TriSept Corp. has announced plans for a commercial technology demonstration mission set for launch next year on a Rocket Lab Electron vehicle to test a deployable conductive tape, made by Tethers Unlimited, that could help small satellites more quickly fall out of orbit at the end of their missions.
The Dragracer mission, announced Aug. 5, will test a Terminator Tape device developed by Tethers Unlimited, headquartered near Seattle. TriSept, based in Virginia, specializes in planning, integrating and managing small satellite missions.
The Terminator Tape is a thin extendable tether designed to generate aerodynamic drag to accelerate the re-entry of small satellites, helping to prevent the creation of space junk.
“One of the partners in the mission is Tethers Unlimited,” said Jason Armstrong, director of launch integration services at TriSept, in an interview with Spaceflight Now. “They do deployable tether devices, which are stored energy structures. When it’s deployed, it changes the overall structure of the spacecraft, thereby changing the drag.”
Millennium Space Systems, owned by Boeing and based in El Segundo, California, will assemble the 55-pound (25-kilogram) spacecraft for the Dragracer mission. TriSept officials said the suitcase-sized spacecraft will be built on the Raptor satellite bus, based on a 12U CubeSat form factor.
The Dragracer spacecraft will launch in early 2020 on a rideshare mission aboard a Rocket Lab Electron rocket with several other small satellites, Armstrong said.
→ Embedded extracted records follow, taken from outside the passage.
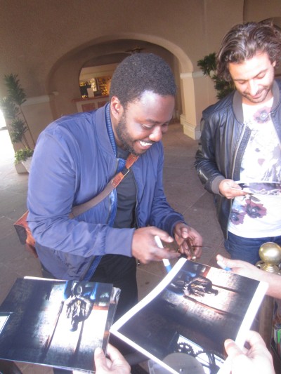 It is a photo taken during the signing of an autograph.
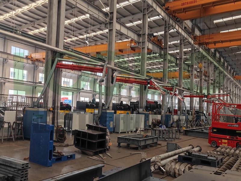 3.焊機吸氣臂一端固定于廠房立柱,前端搭載二氧化碳送絲機,作業覆蓋面積大,臂長可選2米-10米的大半徑,可在任意角度停留,為焊接除塵提供有力保障。
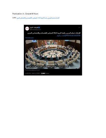 Publication: X – Emarat Al Youm Link: يبرعلا يعامتجلااو يداصتقلاا سلجملل 115ـلا ةرودلا ةسائر نيرحبلا ملست تاراملإا
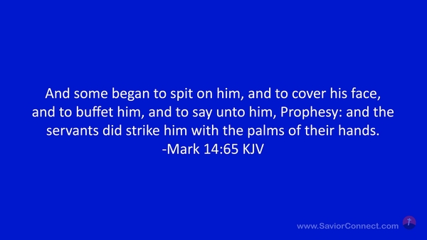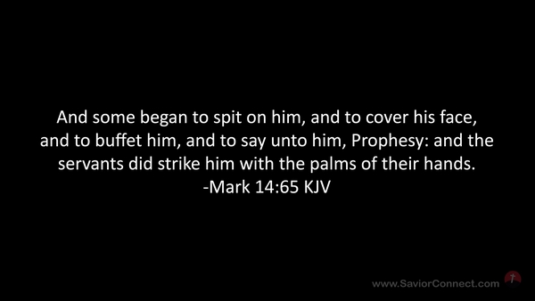 And some began to spit on him, and to cover his face, and to buffet him, and to say unto him, Prophesy: and the servants did strike him with the palms of their hands. -Mark 14:65 KJV
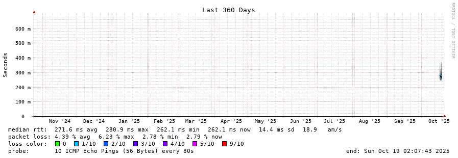 traceroute to 190.104.210.9 (190.104.210.9), 30 hops max, 60 byte packets - Generated at 2025-10-18 20:00:01
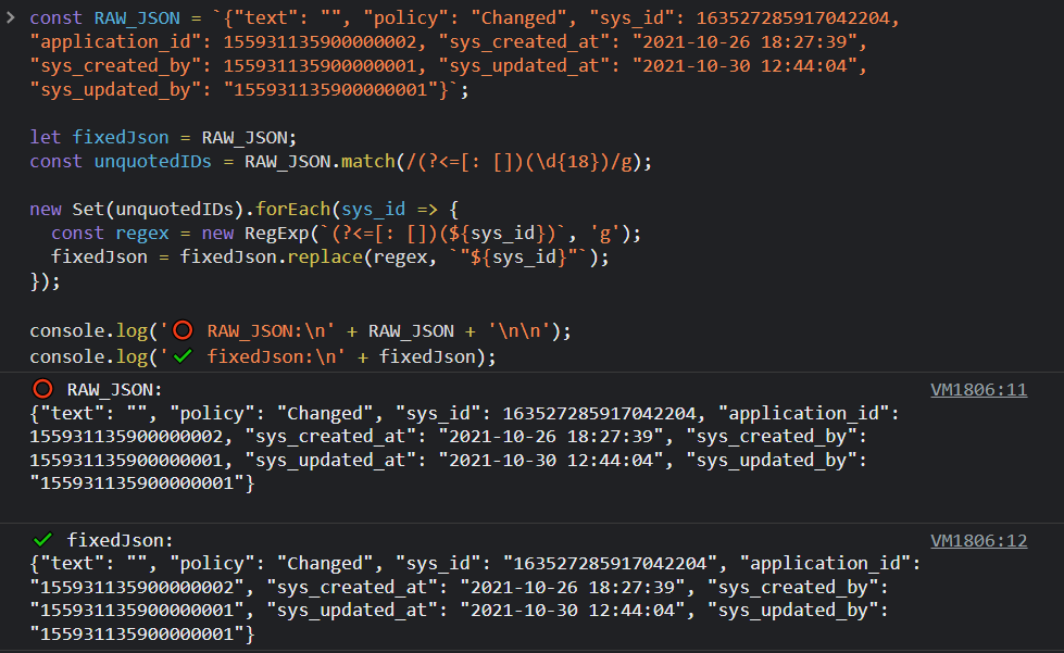 new Set(unquotedIDs).forEach(sys_id => { const regex = new RegExp((?<=": )(${sys_id}), 'g'); fixedJson = fixedJson.replace(regex, “${sys_id}”);});
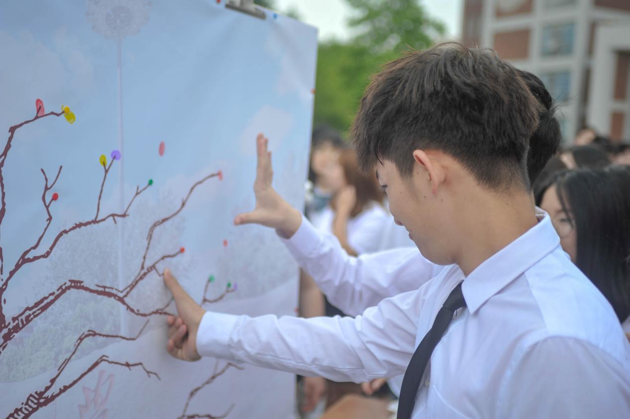 在毕业树绘制环节,韩金玉和毕业生代表李晓霞同学共同在毕业树上留下指纹,其他嘉宾和在场同学也随后按下了自己的指纹,共同绘制属于2021届毕业生的青春之树。树是根文化的最好体现,学子的根深植与母校,母校终生为学子提供养料,承载每位学子的青春年轮,而每位学子的成绩又成就了母校的枝繁叶茂、开花结果。指纹代表契约精神,全体毕业生用指纹绘制毕业树,既是“画指为信”的同窗约定,也有共绘蓝图、携手奋进的寓意。
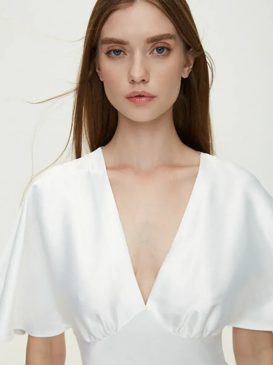Шелковое платье комбинация с рукавами крылышками и V – образным вырезом отличный выбор для любого мероприятия. Струящаяся ткань, придаст парящий, нежный образ женственности. Платье женское благодаря шелковой ткани изящно блестит и переливается при скольжении во время ходьбы, не оставит вас незамеченной. Платье комбинация с рукавами подходит как для коктейльной вечеринки так и для торжественного события, а также может стать нарядным офисным образом. Прекрасно подойдет для свидания и прогулки, как одежда для нового года, дня рождения, платье для подружки невесты. Форма платья и качество пошива подчеркивает изящную линию фигуры и придает элегантный вид. Благодаря свободному покрою подходит на любую фигуру, даже беременным, подчеркнет и украсит небольшой животик будущей мамы. Модное платье из шелка хорошо сочетается с пиджаком, свитером, блейзером. Это платье придаст вам легкость, игривость и очарование. Широкий размерный ряд позволяет выбрать женское платье больших размеров (50, 52).
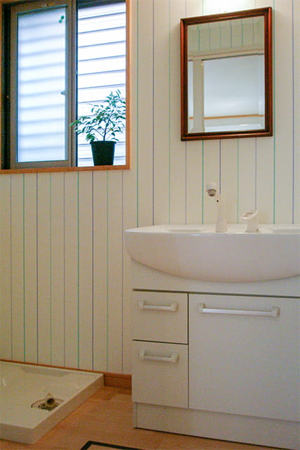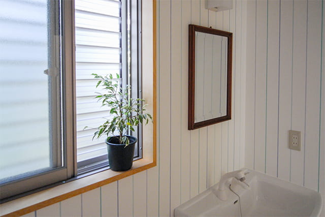 洗面台は既製品の下台のみを設置し、正面にK様がお持ちだったクラシカルな木枠のミラーを取り付けました。 お引き渡し後、K様が窓辺にグリーンを飾ってくださって、毎日洗面を使うのが楽しくなりそうです。
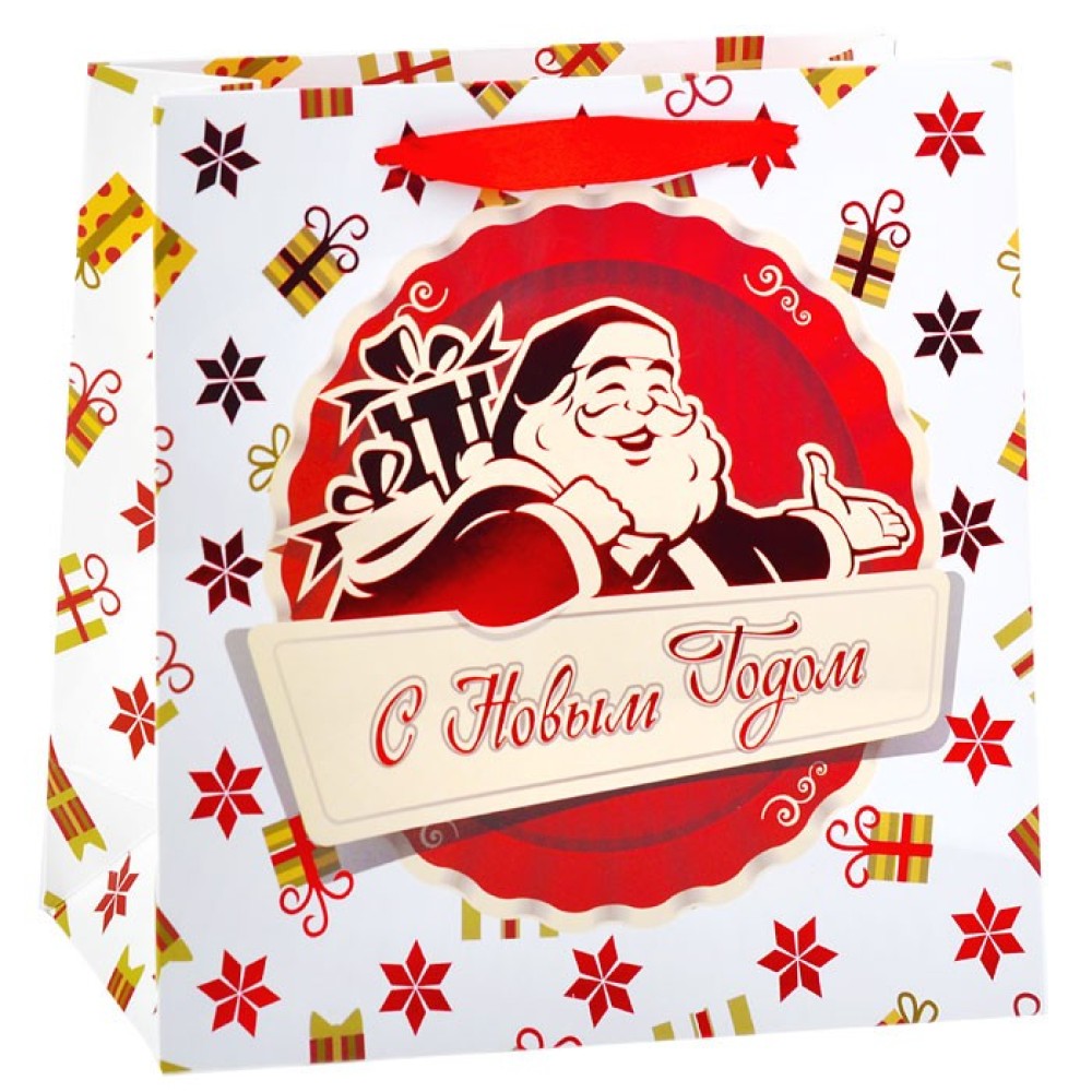 Пакет подарочный арт.90953 "С Новым годом" с фольгой 20х20х8 см
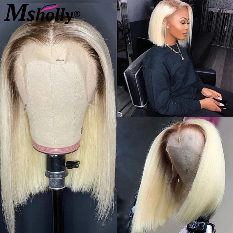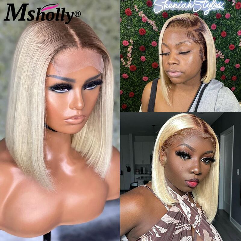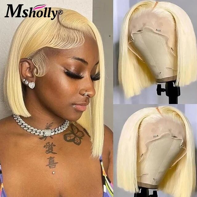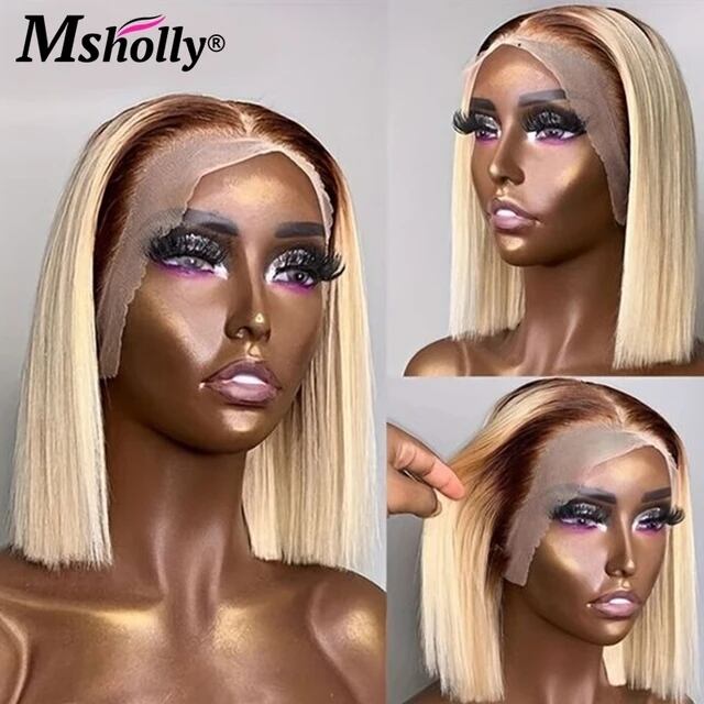 透明なレースのフロントが付いた短いボブウィッグ,ナチュラルレミーの人間の髪の毛,ブロンド,蜂蜜,13x4,4t613
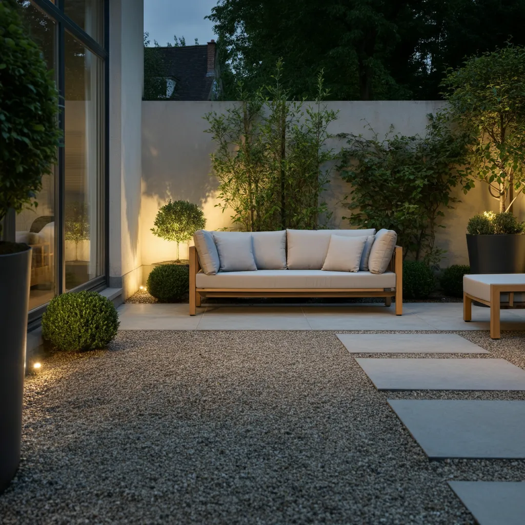 For a contemporary look, pair light-colored gravel with sleek, modern furniture. Think clean lines, neutral cushions, and simple forms. This approach to home decor emphasizes simplicity and creates a serene, uncluttered retreat.
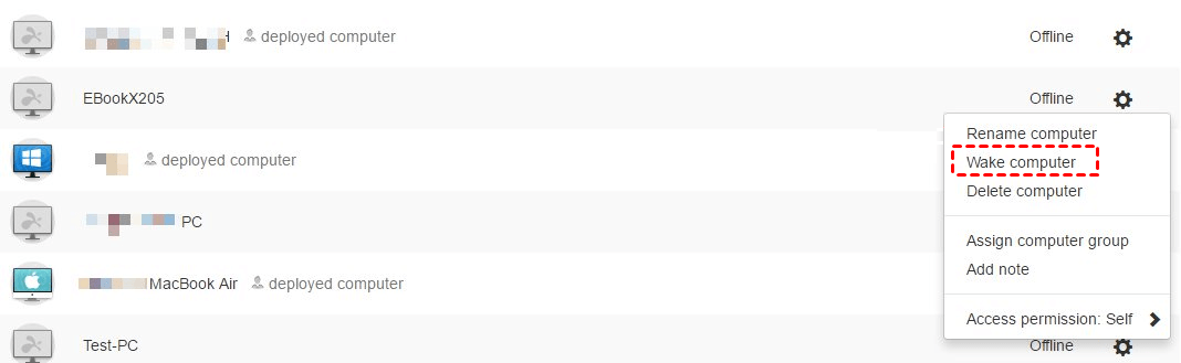 Step 4. Set Up Splashtop: Open the Splashtop Business app, go to the computer list, and right-click on the offline computer you want to wake. Click “Wake Up” and voila! Your computer should spring to life.
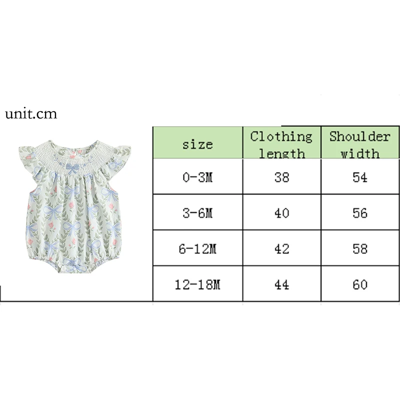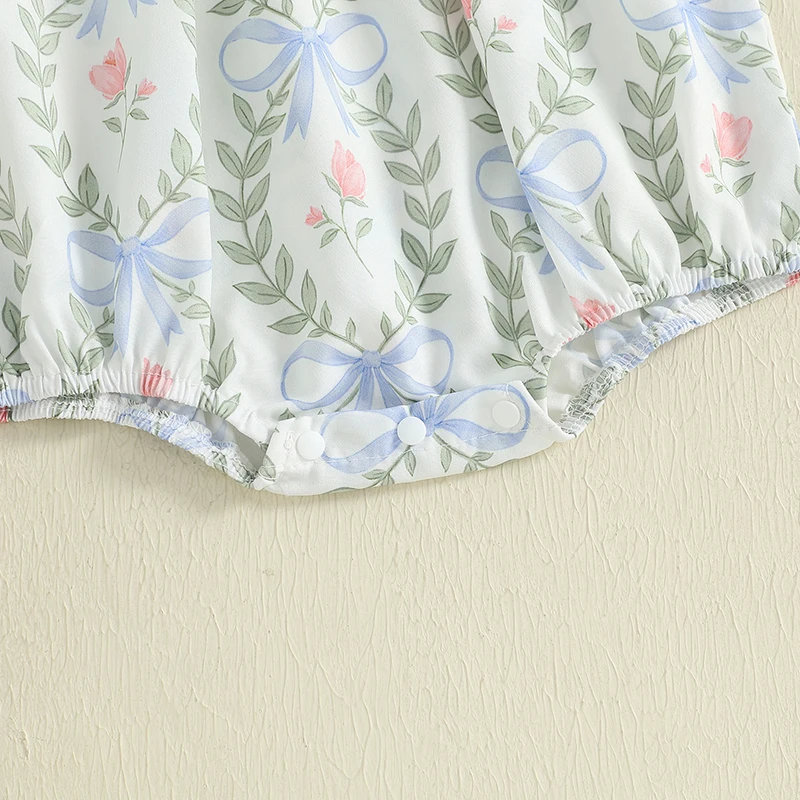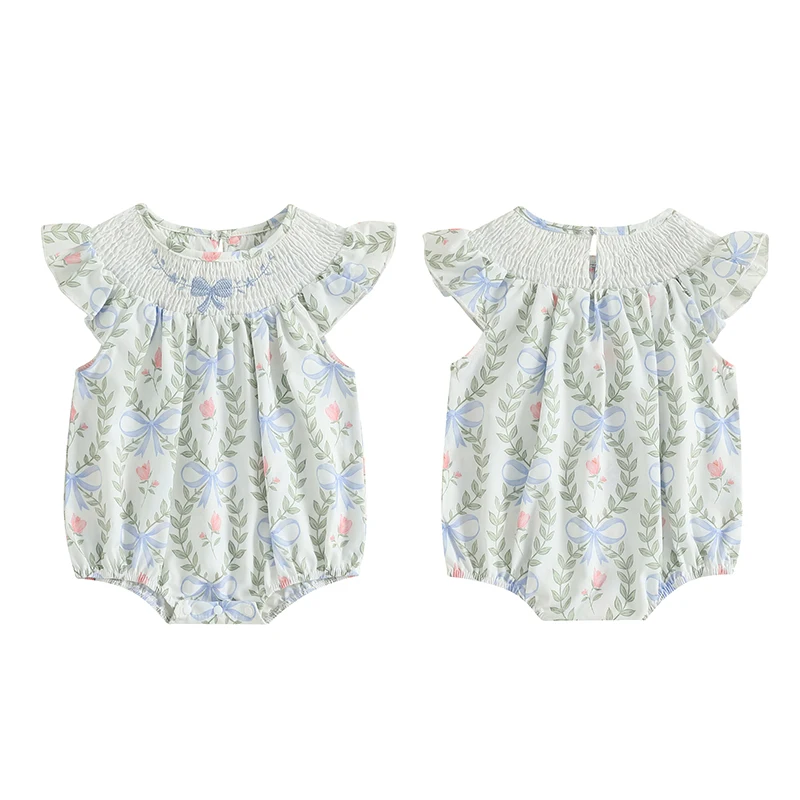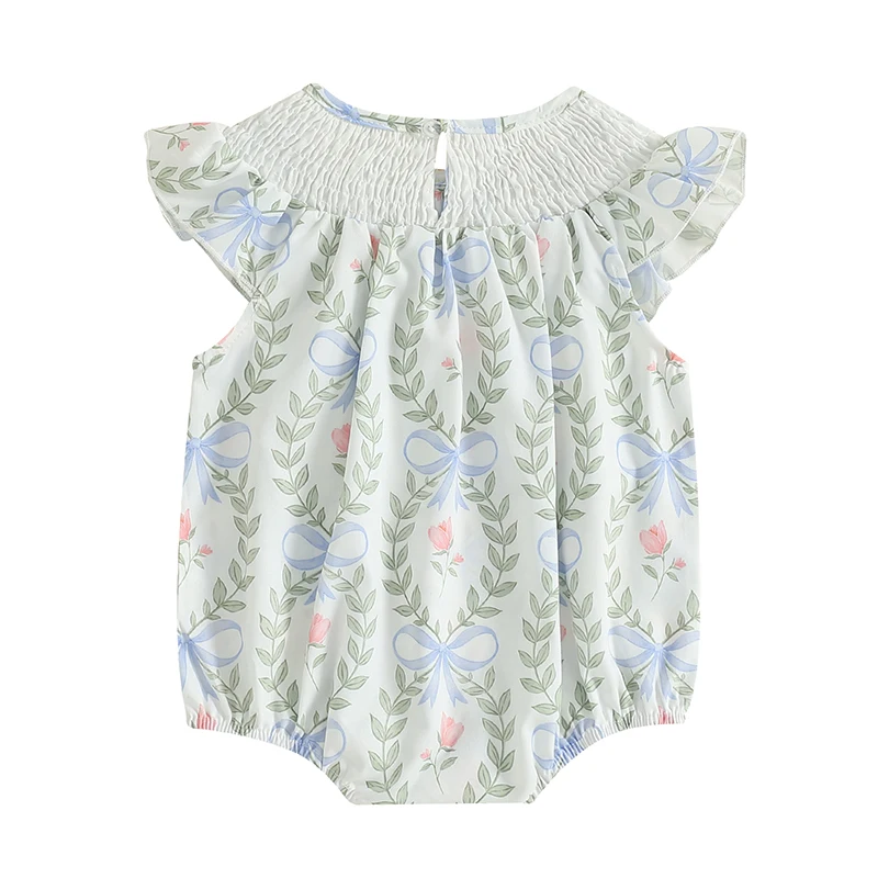 Mameluco para niñas, manga de mosca, cuello redondo, lazo, estampado de hojas, mono infantil, ropa de verano para uso diario informal

Small satellites have tested de-orbit devices before, including drag sails and tethers. But many of those satellites tested their de-orbit systems at the end of their missions, sometimes months or years after launch. Experiments using tethers in space have produced mixed results, and many tethers have failed to extend once in orbit.
Armstrong said launching a dedicated tech demo mission, like Dragracer, allows engineers to “realize the benefits of it immediately.”
“Rather than it being attached to a spacecraft, being launched and flying a three-to-five-year mission, and then deploying this mechanism and see what we get as a result, the (Dragracer) mission … is completely about the demonstration,” he said.
The Dragracer satellite will split into two nearly identical pieces after launch. One half of the spacecraft carries the Terminator Tape, and the other does not, allowing engineers to compare how their altitudes change over time.
“Immediately upon separation from the launch vehicle, the two halves of the spacecraft will come part from each other, and then we can deploy the tether on one half of the spacecraft and get immediate data that we can then characterize the capability of the system,” Armstrong said.
The Electron rocket will deliver the Dragracer mission to a polar orbit roughly 250 miles (400 kilometers) above Earth, below the altitude of the International Space Station. After a few days in space, the tether will extend to a length of about 820 feet (250 meters). The tape measures about 1.5 to 2 inches wide, Armstrong said.
Gravity gradient forces will pull the tether in a vertical orientation, stabilizing the satellite’s attitude and increasing drag.
A preflight analysis predicts the Terminator Tape will allow the spacecraft with the tether to re-enter the atmosphere and burn up within two-to-four weeks, while the other satellite — acting as a control in the experiment — is expected to re-enter in eight-to-12 months, according to Armstrong.
Engineers want to learn which types of de-orbit devices work best for certain types of satellites.
“What we’re intending to do is to get actual flight data to substantiate that analysis, and then you can use scale factors to know what size of deployable tether or drag mechanism you would need to install for a specific size of spacecraft in order to get the re-entry timeline that you want,” Armstrong said.
For the Dragracer mission, TriSept is in charge of integrating the spacecraft with the Electron launch vehicle, and also procures the dispenser to house and eject the satellite during the launch sequence.
“I would say that with the Terminator Tape approach, the benefit that it has is it’s a much smaller volume and mass,” Armstrong said. “And it’s very much less complex as far as the capabilities that you have to have for actuating it and deploying the system. On-board, all we have to have is a small timer circuit with a little battery in it. That’s very attractive … You’re not introducing risk or any highly complex systems.”
“This rideshare mission slated for launch aboard our Rocket Lab Electron is very significant as Millennium Space Systems, supported by TriSept’s seasoned launch integration team, tackles one of the biggest challenges facing our industry today,” said Lars Hoffman, senior vice president of global launch services at Rocket Lab, in a statement. “We look forward to working closely with these two space industry innovators in preparation for an exciting milestone launch of the Dragracer orbital debris initiative.”
Assuming the Terminator Type experiment produces good results, Armstrong said: “I think it could stand alone on its own as a feasible system for the small satellite community.”